早見先生に対してもそうだけれど、ツキノさんに迷惑をかけるわけにはいかない。
「ひとつ……」
だけどツキノさんは、片手で目を隠して苦しげに唇を動かした。
「ひとつだけ言えることがある。イツキがリサを求め続ける限り、いつか大きな選択を迫られる日が来る……と思う。だけど、本当は選択肢なんてないのかもしれない。少なくとも、あたしにはそんなもの与えられなかった……」
ぼくは顔を上げて目を見開く。
また早見先生と同じ言葉だ。リサと早見先生が密会していた夜、早見先生はリサについて、こう言った。

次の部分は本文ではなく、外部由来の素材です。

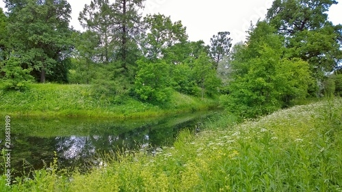 A great place to relax is Farm Park in Pushkin, a suburb of St. Petersburg, Russia. Green grass, trees and reflection in the pond. The concept of happiness of life and inspiration

――たとえ世界と彼女を天秤にかけようとも、選択を誤らないで欲しい。
もしもぼくにその選択を迫られる日が来るとしても、ぼくは迷うことなくリサを助けるだろう。それは早見士郎や天川月乃だって同じはずだ。
いや、ツキノさんには選択肢は与えられなかった。
早見先生にはあって、ツキノさんにはなかったのは、なぜ? 彼と彼女は、何が違う? 年齢か? 性別か? パイロットとしての腕か?
アバカロフ姉妹を連綿と殺してきたのは、誰だ?
ツキノさんは両目を手で押さえたまま、口をつぐむ。
その様子から察するに、これ以上の質問は、もう無意味だろう。もしかしたら、彼女の立場そのものまで悪くしてしまうかもしれない。
「ありがとう、ツキノさん。もう十分です」
黙ったまま、ツキノさんが大きくゆっくりと首を左右に振った。
ぼくは顔を洗ってから、先に上がろうと立ち上がり、黒湯の中を歩き出す。
「ねえ、イツキ。あんたにとっては妥協になるかもしんないけど、あたしにしてもいいんだよ。これでもけっこーモテるんだから。…………このまま……このままあの娘を追えば、いつか必ず苦しむことになるわよ」
暗く沈んだ声を跳ね返すように、ぼくは背中を向けたまま拳を高く突き上げる。
「う~ん? 気を遣ってくれてありがとう。――でも大丈夫! ぼくには絶対に選択を誤らない自信がある! ぼくはリアに救われて、彼女の妹のリサを守ってあげたいって思った。判断材料はそれだけ。それがすべてだから」
ぱしゃっと、背後から水音が響く。
少し遅れて、気の抜けたような声が追いかけてきた。
「……ば~か。単純ばか」
「あはは。そうかも。それにツキノさんは、恋人にしたいと思うほどは、ぼくのことを好きじゃないでしょ?」
「そうね。タイプとしてはいい線いってるから、そこはこれから教育かなあ」
その教育が怖いよ……。
壊れたままの扉を踏み越えて、ぼくは肩をすくめた。